One other item that hasn’t been discussed is whether we should be removing fish from the ocean and putting them in our tanks anyway. It seems a majority of the fish most people keep in their aquariums are available as captive bred specimens at this point in time. The ones that haven’t been captive bred tend to be more difficult to keep. We don’t get dogs and cats from the wild. Why should “pet fish” be any different.

Most companies that are captively breeding fish have already eliminated most if not all of the problematic diseases/parasites from their systems and have staff to accurately treat new specimens. If the entire supply chain switched to using captive bred fish (and inverts) instead of wild caught fish, many diseases could easily be significantly reduced or eliminated.

Which species are you talking about (I mean everyone knows clowns and some tangs and a couple angels) - but with other 'common fish' are widely being bred?

BTW - I want to clarify something - I have had the argument multiple times on this forum with people that there is no 'disadvantage' to removing CI, velvet, etc from our systems (i.e. QT/treatment). Just like Bill Gates is trying to eradicate malaria (with nets), or smallpox or measles, etc. There is no advantage (to humans) that these diseases are present. There is no advantage (Sorry @Paul B, @Lasse, @atoll) there is no advantage to these parasites being in our aquaria. )

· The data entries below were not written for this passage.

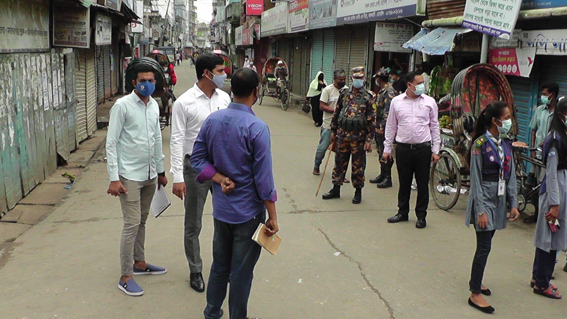 বৃহস্পতিবার সকাল থেকে ঝালকাঠিতে কঠোর লকডাউনের প্রথম দিনে গণপরিবহন, শপিংমল ও মার্কেটগুলো বন্ধ রয়েছে। তবে ঈদ উৎসবের মত লকডাউনের মধ্যেও রাস্তায় ও বাজারে মানুষের ভিড় রয়েছে। স্বাস্থ্যবিধি মানছেন না অনেকেই। শহরে রিক্সা ব্যতীত সকল যানচলাচল বন্ধ রয়েছে। গাদাগাদি করে বাজারে কেনাকাটা করছেন জনসাধারণ। এতে করোনা সংক্রমণ বেড়ে যাওয়ার আশঙ্কা করছেন চিকিৎসকরা। লকডাউনে জনসাধারণকে সচেতন করতে জেলা প্রশাসন ও জেলা পুলিশের উদ্যোগে শহরে অভিযান চালানো হয়েছে। পুলিশের অভিযানের সময় লোকজনের যাতায়াত কমে যায়। শহর ফাঁকা হয়ে যায়। অনেকেই অভিযানের টের পেয়ে দোকানপাট বন্ধ করে দেন। পুনঃরায় অবস্থা দেখে আবার দোকান খোলে। প্রশাসনের সাথে জনসাধারনের এ যেন এক লুকোচুরি খেলা।পুলিশ সুপার ফাতিয়া ইয়াসমিন বলেন, আমরা নতুন করে সরকারের নির্দেশনা বাস্তবায়নে সর্বাত্মক কাজ করে যাচ্ছি। নির্দেশনা না মানলে ব্যবস্থা নেওয়া হবে। রাস্তায় পণ্যবাহী যানবাহন ও রিকশা ছাড়া কোন যানবাহন চলতে দেওয়া হচ্ছে না। আইন না মানলে যানবাহন আটক করা হবে বলেন তিনি।ঝালকাঠি জেলা প্রশসাক কার্যালয়ের ডেপুটি নেজারত কালেক্টর (এনডিসি) আহমেদ হাসান বলেন, ঝালকাঠি জেলা সদরসহ ৪উপজেলায় পুলিশ, আর্মড ব্যটালিয়ন, বিজিবি, (RAB) সেনাবাহিনী নিয়ে গঠিত পৃথক টিম মাঠে কাজ করছে। জনসাধারণ যাতে সরকার ঘোষিত লকডাউন বাস্তবায়ন করে পৃরোপুরি স্বাভাবিক জীবনে ফিরতে পারে আমরা সর্বদা সেই চেষ্টাই করছি।
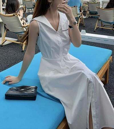 [홍콩명품,MIU MIU] 미우미우 25SS 로고 자수 여성 슬리브리스 셔츠 원피스 (화이트), BM20358, TBG, 홍콩명품의류,구매대행,온라인명품 > 여성몰
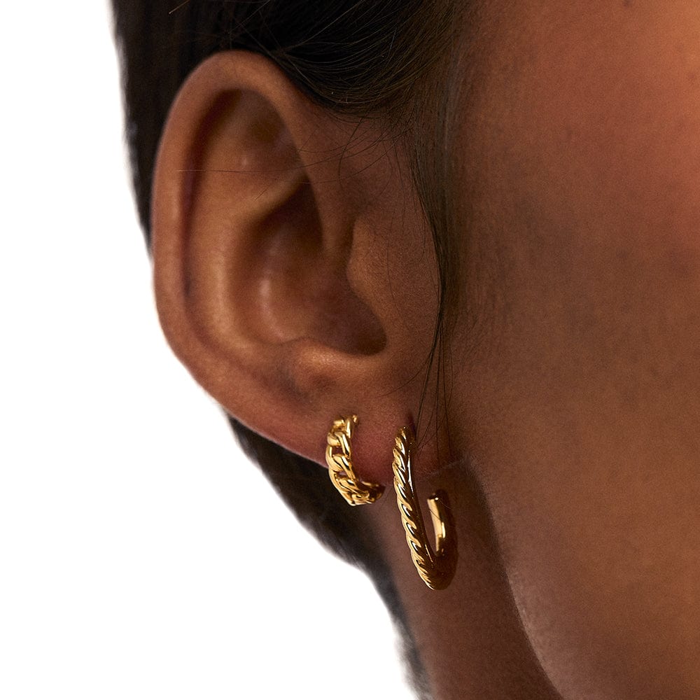 Crafted from 18k gold-plated brass, these earrings have an inner diameter of 0.8cm and an outer diameter of 1.1cm.
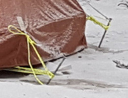 As I mentioned above, I use nails for my winter camping. They will hold, even when you try to get them out of the ground. To remove them, start hammering the sides of the nail above the ice to make the hole bigger. Once the nail is loose, tie a Prusik Knot around the nail and yank until it comes out. Watch your eyes, the nails comes out with force.
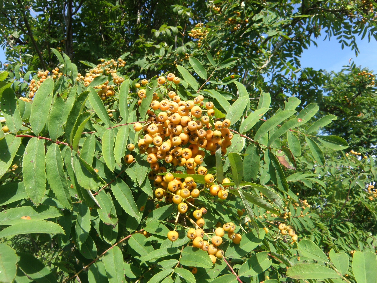 Morfoloģija. Vasarzaļš, līdz 16 m augsts koks. Dzinumi tumši brūni, kaili vai gandrīz kaili ar lenticelēm, pie pamata ar baltiem matiņiem. Pumpuri nav lipīgi, olveida, kaili vai izklaidus klāti ar smalkiem matiņiem. Lapai 4-7 iegareni lancetisku lapiņu pāri, virspuse zaļa un gluda, apakšpuse pelēkzaļa, ar matotu galveno dzīslu un zāģzobainu malu. Ziedi saliktā vairogā, balti. Augļi apaļi vai eliptiski, oranžsarkani.
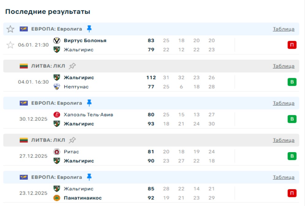 В прошлом туре Евролиги Жальгирис в Италии проиграл Виртус Болонье. Хозяева с первых минут лидировали в счете. Баскетболистам из Болоньи так и не удалось оформить большое преимущество по ходу встречи, но и литовцам они ни разу не позволили хотя бы сравнять счет. В результате поражение коллектива Масюлиса 79:83.
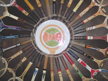 Occorrono altri 2 mesi per realizzare una ulteriore struttura circolare in legno. Intorno ad una preziosa ceramica raffigurante il logo del Museo Cellini, si sviluppa una teoria di stupende racchette d'epoca, impreziosita da fini artigianali ganci in cuoio.
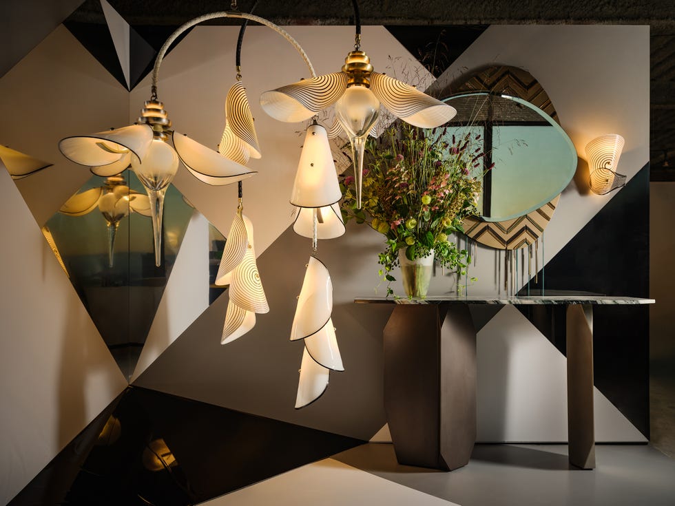 Στην Collectible, το Avram Rusu Studio παρουσίασε νέες προσθήκες στη συλλογή Botanica βιοφιλικών πολυελαίων, κατασκευασμένων από γυαλί και πλεγμένο δέρμα, εμπνευσμένων από κρεμαστά λουλούδια μπανάνας. Ιδρυμένο από την καλλιτέχνιδα Andreea Avram Rusu, γεννημένη στη Ρουμανία, το στούντιο με έδρα τη Νέα Υόρκη συνεργάζεται με μια ομάδα ντόπιων υαλουργών και μεταλλουργών για την παραγωγή των θεατρικών του δημιουργιών. Τα έργα είναι αγαπημένα μεταξύ των σχεδιαστών, συμπεριλαμβανομένης της Rajni Alex, η οποία χρησιμοποίησε έναν αιθέριο πολυέλαιο στο δωμάτιό της στο πιο πρόσφατο Kips Bay Show House Palm Beach.

The problem I have - and I think the reason there is such a debate - is that rather than following 'standard' protocols - people decide - I'll fiddle with the method. I'll try more - or less copper than recommended or not test properly, etc etc. (there are multiple videos on youtube for example on 'how to QT a saltwater tank'). Here on R2R I have read QT methods from @Reefahholic @HotRocks and others that all differ from each other - and at least the first 2 are members of the ReefSquad. Not to mention that neither method matches what the 'standards are' (i.e used by public aquaria (many of which also use different methods)). So - what is the average aquarist to do? According to polls here (if I remember correctly - less than 50 percent QT (that may be incorrect - it might be slightly more than 50%). Im going to start a poll - about QT practices thats a bit different - it will be posted soon...

Firstly - for the average aquarist - (Just go look at the threads that discuss the use of the Hanna Low PO4 checker) its hard to do testing or anything science related consistently correct - This is not a slam against those people - its seriously difficult (even with a proper method).

Secondly - the average aquarist MAY not have hours /day to do the proper observation required for an 'observational QT' - or the resources for a second tank or third tank etc etc.

etc etc. Sorry for the long post - and it wasn't directed at you personally - but I think its somewhat realistic as to 'whats happening' vs 'what should be happening'.